This stiple and line engraving from the collection of the National Portrait Gallery, London, dating from the early 19th century, is undoubtedly based on a portrait of Robert Dudley, Earl of Leicester, also in the NPG and therefore one of his better known likenesses today. The engraving’s catalogue entry under NPG D41890 also makes this clear. In the early 19th century the founding of the National Portrait Gallery lay still in the future, however, and so the industrious herald and biographer, Edmund Lodge, relied both on “galleries of the nobility” and “public collections of the country” for his compilation of Portraits of Illustrious Personages of Great Britain.
The multi-volume work used engravings from “authentic pictures”. Of these, several were “after Holbein”. One, that of Thomas Howard, 3rd Duke of Norfolk, was indeed based on an authentic Holbein, while the (authentic) picture of the young King Edward VI could not possibly have been a Holbein because the artist had been dead for three years when it was painted. Other engravings were also based on authentic likenesses, like Thomas Cranmer after Gerlach Flicke and arguably even John Dudley, Duke of Northumberland, after an unknown master at Syon House.
A considerable number of the engravings, though, were based on portraits which are now – and have been for a long time – associated with other people than Edmund Lodge believed. For example, the plate purporting to show Ambrose Dudley, Earl of Warwick, is derived from a portrait of William Cecil, Lord Burghley, by Arnold van Bronckhorst from the Cecil family’s own collection. Another case is Lodge’s “Henry Grey, Duke of Suffolk”, which in reality is the above-mentioned NPG engraving showing Robert Dudley, Earl of Leicester. The costume alone could have made clear that Henry Grey (the father of Lady Jane Grey) had been dead for some 20 years when the original was painted; but of course the history of costume, like all other fields of history, was in its infancy in the early 19th century – and since it is intertwined with the correct dating of paintings there was still a long way to go.

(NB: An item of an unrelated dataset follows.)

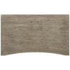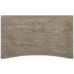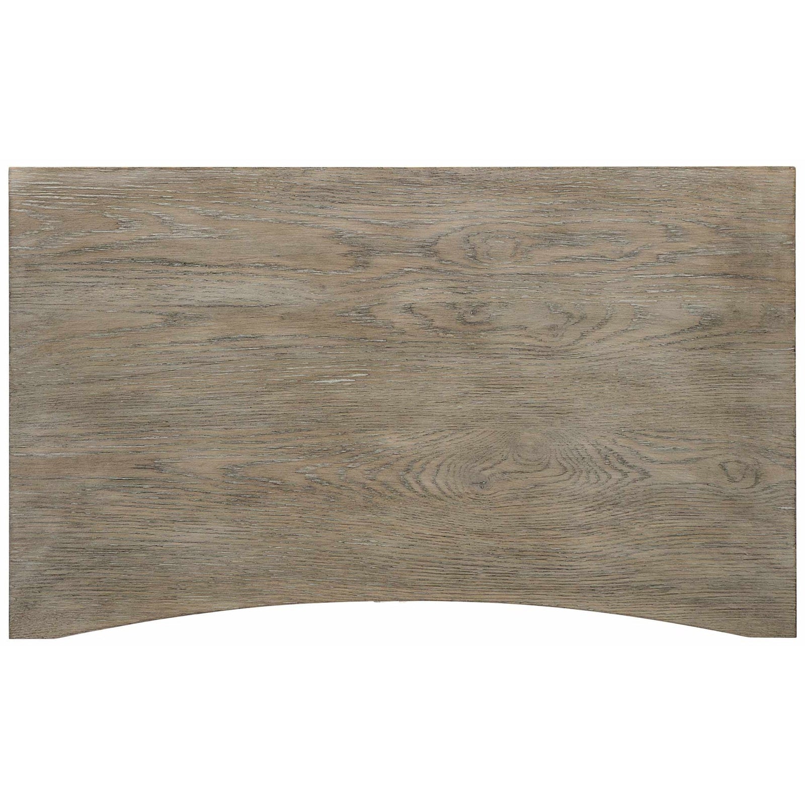 - Straight lines give way to a concave curve along the front, where two drawers offer sleek storage.
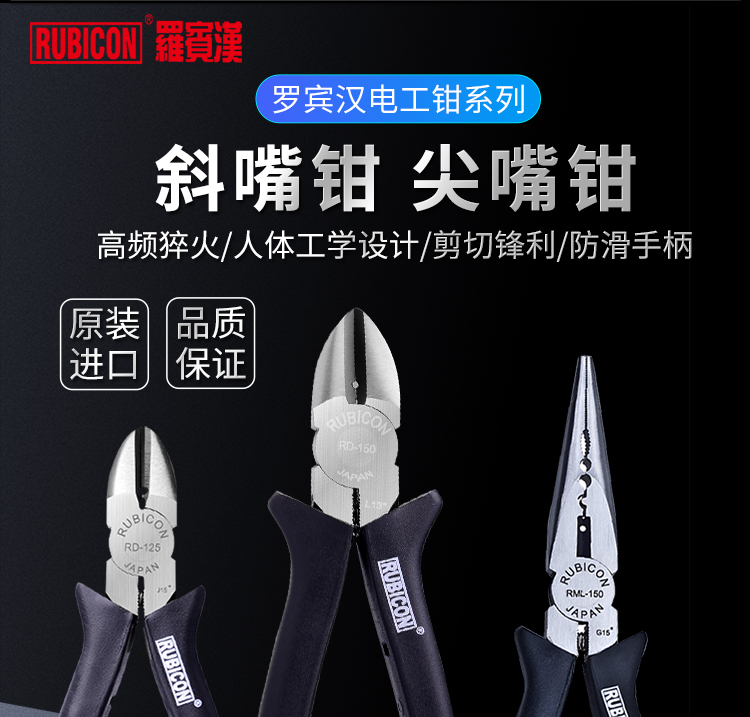 RUBICON/罗宾汉的电缆钳罗宾汉(RUBICON)进口电工钳斜嘴钳尖嘴钳钢丝钳老虎钳斜口钳尖头钳偏口钳子RD-1506英寸150mm剪线钳

If he was wrong about the sitter, Lodge at least attributed the original painting to Marcus Gheeraerts the Elder, an important portrait painter of Elizabeth’s court. Alas, Gheeraerts is no longer believed to be responsible for the NPG portrait of Robert Dudley. The wrong identification of Henry Grey, Duke of Suffolk, on the other hand, lives on: Eric Ives’ 2009 book Lady Jane Grey: A Tudor Mystery contains a plate inscribed,
Henry Grey, duke of Suffolk (engraving of lost portrait 1826)
The engraving in question is another reproduction of NPG D41890 and thus shows, once again, the Earl of Leicester, who incidentally was the most often portrayed male person of Elizabethan England. The wrong plate was removed from Eric Ives’s book in the paperback edition; the looks of the Duke of Suffolk, sadly, will most likely remain unknown to us – no authentic likeness has been found so far.
Sources
http://www.archive.org/stream/illustriousperso02lodguoft#page/n65/mode/2up
http://www.npg.org.uk/collections/search/portrait/mw208505/Robert-Dudley-1st-Earl-of-Leicester
http://www.npg.org.uk/collections/search/portrait/mw03853/Robert-Dudley-1st-Earl-of-Leicester
Hearn, Karen (ed.) (1995): Dynasties: Painting in Tudor and Jacobean England 1530–1630. Rizzoli.
Ives, Eric (2009): Lady Jane Grey: A Tudor Mystery. Wiley-Blackwell.
Hello, super interesting!!! Great info!!!!
Well spotted, and thanks for sharing. I’ll be on the lookout for things like this now!